[Entries shown — start]

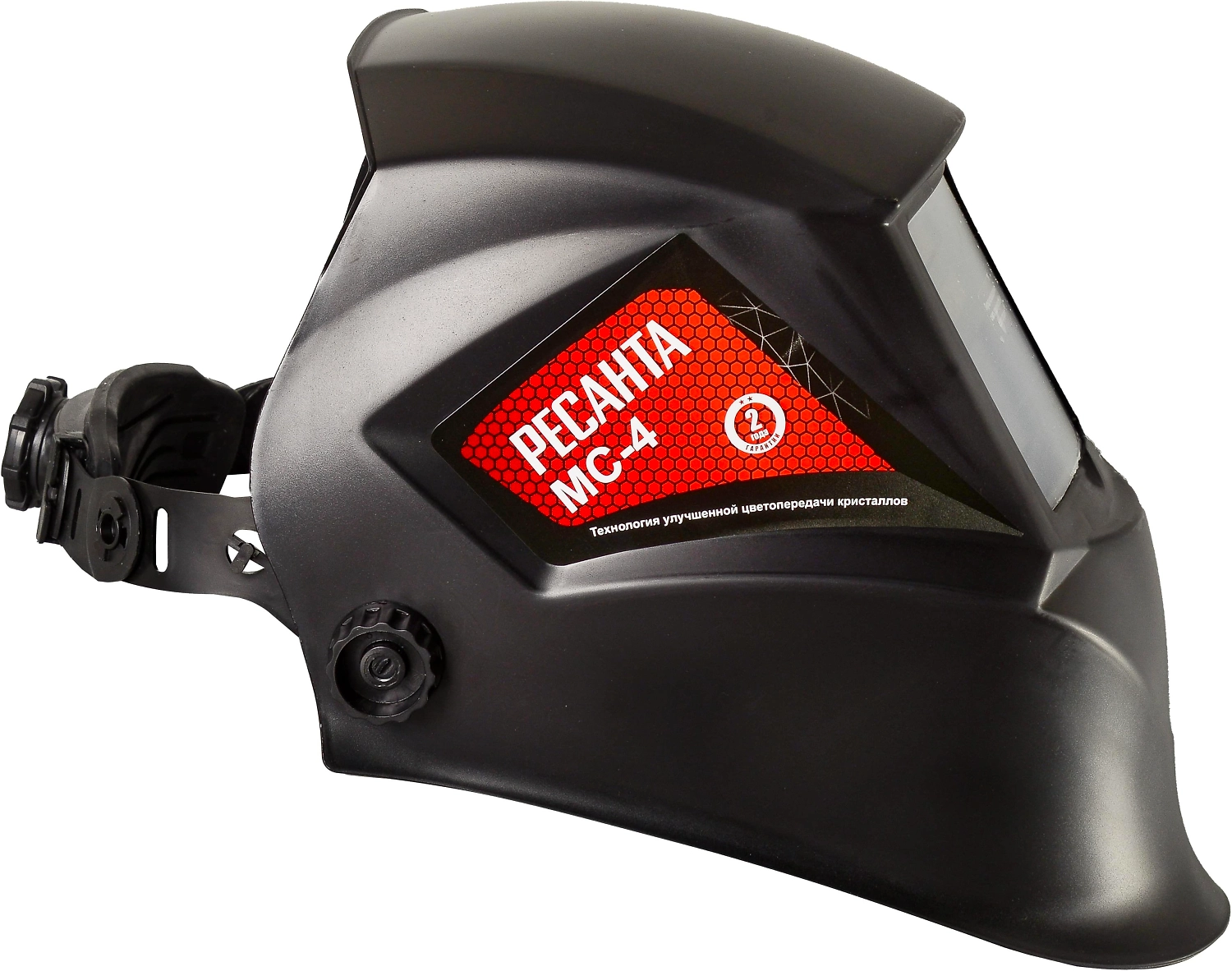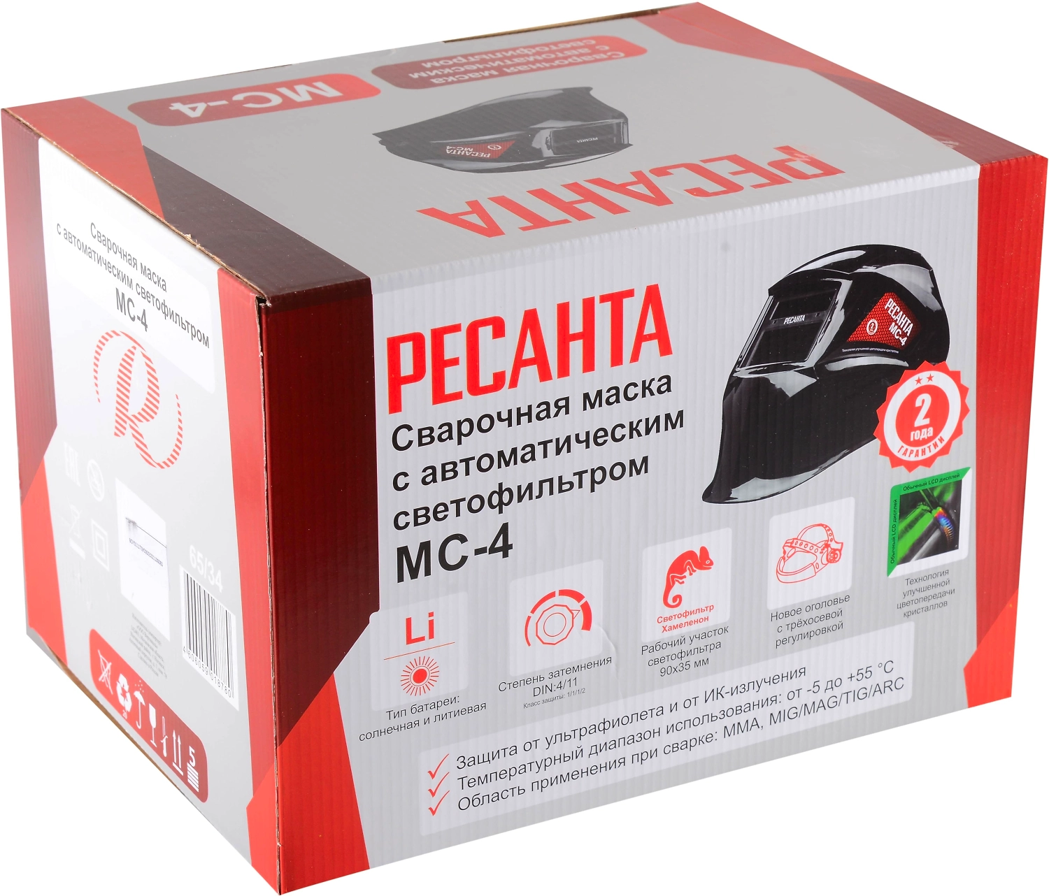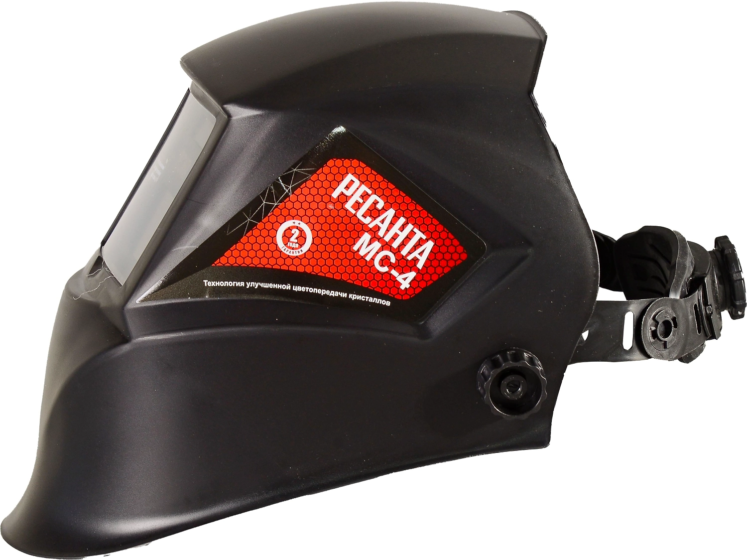 Сварочная маска РЕСАНТА МС-4 предназначена для защиты глаз от видимого, ультрафиолетового и инфракрасного излучения, а также для защиты головы и шеи от попадания искр при сварочных работах. Маска данного типа удобна, поскольку светофильтр автоматически затемняется при зажигании дуги. Такой светофильтр назвали хамелеоном из-за способности автоматически затемняться. Степень затемнения можно настраивать с помощью встроенного регулятора в зависимости от модели маски. Новое оголовье с трёхосевой регулировкой
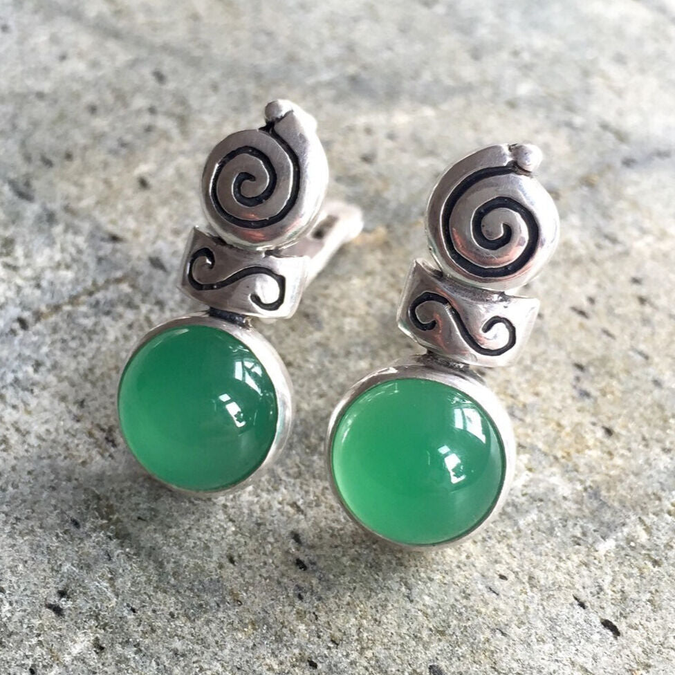 Flower Earrings, Chrysoprase Earrings, Natural Chrysoprase, May Birthstone, Lotus Earrings, Vintage Flower Earrings, Solid Silver Earrings
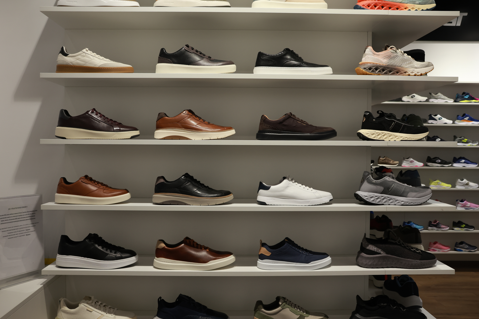 Також в магазині представлений бренд Cole Haan. Це історія стилю та інновацій, захоплююча подорож у світ моди та комфорту. З більш ніж 95-річною історією, ця торгова марка стала невід'ємною частиною життя тих, хто цінує унікальний союз стильних образів та неймовірного комфорту.
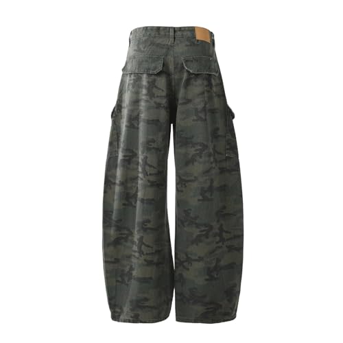 More information about Barrel Jeans Men Camo Cargo Baggy Skater Denim Pants Streetwear High Waist Barrel Leg Bottoms Camouflage Loose Fit Casual
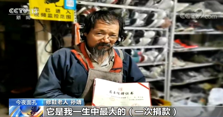 修鞋老人 孙靖:这么一笔,它是我一生中最大的一次捐款。我这个年龄,我知道,贫穷的滋味很难受。
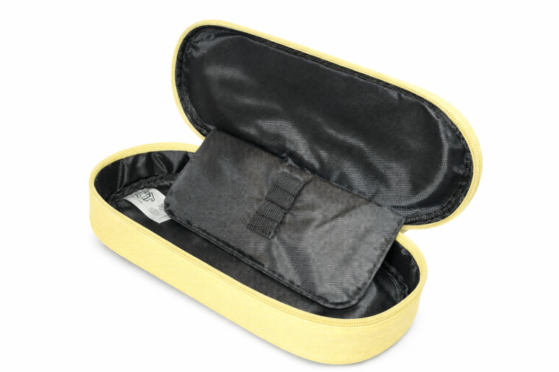 Изработен от устойчив текстилен материал с фина текстура, несесерът е лек, но здрав, и предпазва надеждно съдържанието си. Просторното основно отделение побира химикалки, моливи, маркери и други аксесоари, а здравият цип осигурява лесно и сигурно затваряне.
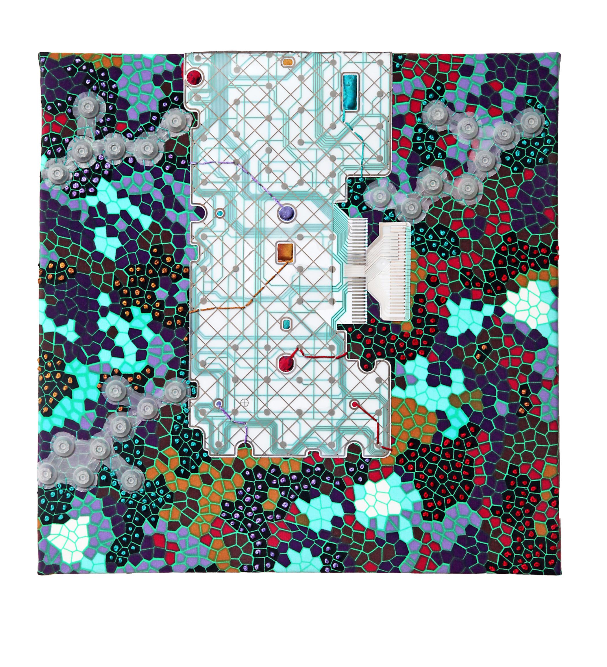 Repurposed digital keyboard parts, silk, cotton, dye, paint, embroidery floss, gallery canvas and frame
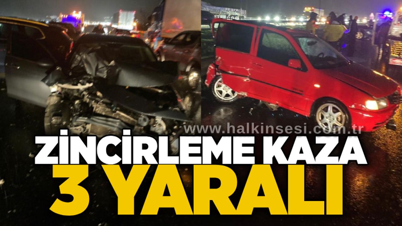 Anadolu Otoyolu'nun Düzce kesimi Ankara istikametinde yağmur nedeniyle kayganlaşan zeminde zincirleme kaza meydana geldi. 5 aracın karıştığı kazada 3 kişi yaralandı. İhbar üzerine olay yerine Otoyol Jandarması ve sağlık ekipleri sevk edildi. Yaralılar, olay yerinde yapılan ilk müdahalenin ardından ambulanslarla Düzce Atatürk Devlet Hastanesi'ne nakledildi. Jandarma tarafından güvenlik önlemleri alınan yolda trafik bir süre tek şeritten kontrollü sağlandı. Araçların bulunduğu yerden kaldırılmasının ardından trafik normal seyrine döndü.

[Entries shown — finish]

Your assignment — Give the lines again word for word, from the start of the records to the line holding "Flower Earrings, Chrysoprase", both included, and leave out any picture.

Result —
 Сварочная маска РЕСАНТА МС-4 предназначена для защиты глаз от видимого, ультрафиолетового и инфракрасного излучения, а также для защиты головы и шеи от попадания искр при сварочных работах. Маска данного типа удобна, поскольку светофильтр автоматически затемняется при зажигании дуги. Такой светофильтр назвали хамелеоном из-за способности автоматически затемняться. Степень затемнения можно настраивать с помощью встроенного регулятора в зависимости от модели маски. Новое оголовье с трёхосевой регулировкой
 Flower Earrings, Chrysoprase Earrings, Natural Chrysoprase, May Birthstone, Lotus Earrings, Vintage Flower Earrings, Solid Silver Earrings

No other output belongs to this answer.